Statistical analysis revealed a significant main effect of speed on Wv− (F(2.14, 14.97) = 20.421, p < 0.001, and ηp2 = 0.745); however, there was no significant main effect of limb on Wv− (F(1.00, 7.00) = 0.118, p = 0.741, and ηp2 = 0.017), nor was there an interaction found between the speed and limb (F(1.80, 12.58) = 0.425, p = 0.642, and ηp2 = 0.057). Wv− significantly decreased with increasing speed for both the affected and unaffected limbs, but there was no significant difference between the limbs at each speed.
We found significant main effects of speed (F(2.14, 14.98) = 21.368, p < 0.001, and ηp2 = 0.753) and limb (F(1.00, 7.00) = 6.039, p < 0.05, and ηp2 = 0.463) on Wv+, while there was no significant interaction effect (F(5.00, 35.00) = 0.706, p = 0.623, and ηp2 = 0.092). Wv+ of both the affected and unaffected limbs significantly decreased with increasing speed. Furthermore, Wv+ of the affected limb was significantly smaller than that of the unaffected limb at 60% speed (p < 0.05).
3.4 Energy Transduction
There were no significant main effects of speed on Recovery in both the affected (χ2 (5) = 7.29, p = 0.200) and unaffected limbs (χ2 (5) = 2.93, p = 0.711) when using the Friedman test (Figure 5). Additionally, the Wilcoxon rank sum test revealed that there were no significant differences in Recovery between the affected and unaffected limbs at each speed (30–80%: Z = −2.521, p = 0.012, and r = −0.630). However, we found that Recovery in the affected limb tended to be smaller than that in the unaffected limb across a range of speeds, with large effect sizes for all comparisons.

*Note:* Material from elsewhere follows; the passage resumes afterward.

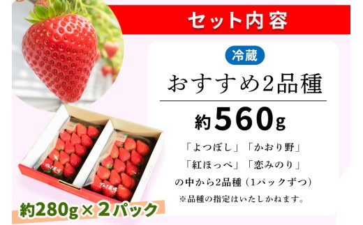 農場で栽培している「よつぼし」「かおり野」「紅ほっぺ」「恋みのり」の4品種の中から農場長がその日におすすめする2品種(1パックずつ)をお届け!

FIGURE 5. Recovery for affected (gray circles) and unaffected (white circles) limbs across six running speeds. The error bars represent 1 SD.
4 Discussion
The aim of the present study was to investigate external mechanical work at different running speeds for UTFAs wearing RSPs. As shown in Figure 4, although it did not reach statistical significance, ∆Wext in the affected limb tended to be greater than that in the unaffected limb across the six running speeds, with large or moderate effect sizes for all comparisons. Moreover, we found that ∆Wext of the affected limb was positive, while that of the unaffected limb was negative across a range of speeds. These results contradict our hypothesis that ∆Wext values in the affected and unaffected limbs are negative and positive, respectively, at different running speeds. Therefore, the results of the present study suggest that UTFAs with RSPs maintain their bouncing steps with a limb-specific strategy.
According to previous studies, passive prosthetic devices cannot generate mechanical power during running (Brüggemann et al., 2008; Nolan, 2008; Beck et al., 2016). Furthermore, the affected limb suffers muscle weakness due to atrophy of the residual limb after transfemoral amputation, where the muscle cross-sectional area in the thigh of the affected limb was approximately 28% that of the unaffected limb (Sherk et al., 2010). During locomotion, the energy variation due to the movement of the body segments done by the muscular work results in the energy variation of the COM (Cavagna et al., 1983). Therefore, the positive ∆Wext in the affected limbs indicated that UTFAs would perform additional muscular work by using residual muscles in their affected limbs and/or other whole-body muscles during stance phases. In particular, the hip muscles in the affected limb would be important for UTFAs to regain their ability to run after amputation (Nolan, 2012; Namiki et al., 2019). A previous study reported that 10-weeks training for improvement of hip strength enables UTFAs to run again after amputation (Nolan, 2012). Since the ∆Wext computed from the GRF is required to change the COM movement, the COM of UTFAs would be accelerated in the affected limb and decelerated in the unaffected limb at each bouncing step across different constant running speeds. Consequently, in terms of the external mechanical work of the COM, we found that UTFAs might rely more on the affected limb during running at different constant speeds.
While Wext− of the affected limb was statistically smaller than that of the unaffected limb, there were no inter-limb differences in Wext+ between the affected and unaffected limbs across the range of running speeds (Figure 4). In addition, we found that there was no change of Wext− with speed in the affected limb, whereas in the unaffected limb increased with the speed. The magnitude of the differences in Wext− tended to be greater at higher speeds (Figure 4). However, Wext+ in both limbs increased with speed, with no obvious inter-limb differences. Therefore, the inter-limb difference in ∆Wext is attributed mainly to that in Wext− rather than Wext+ at different speeds.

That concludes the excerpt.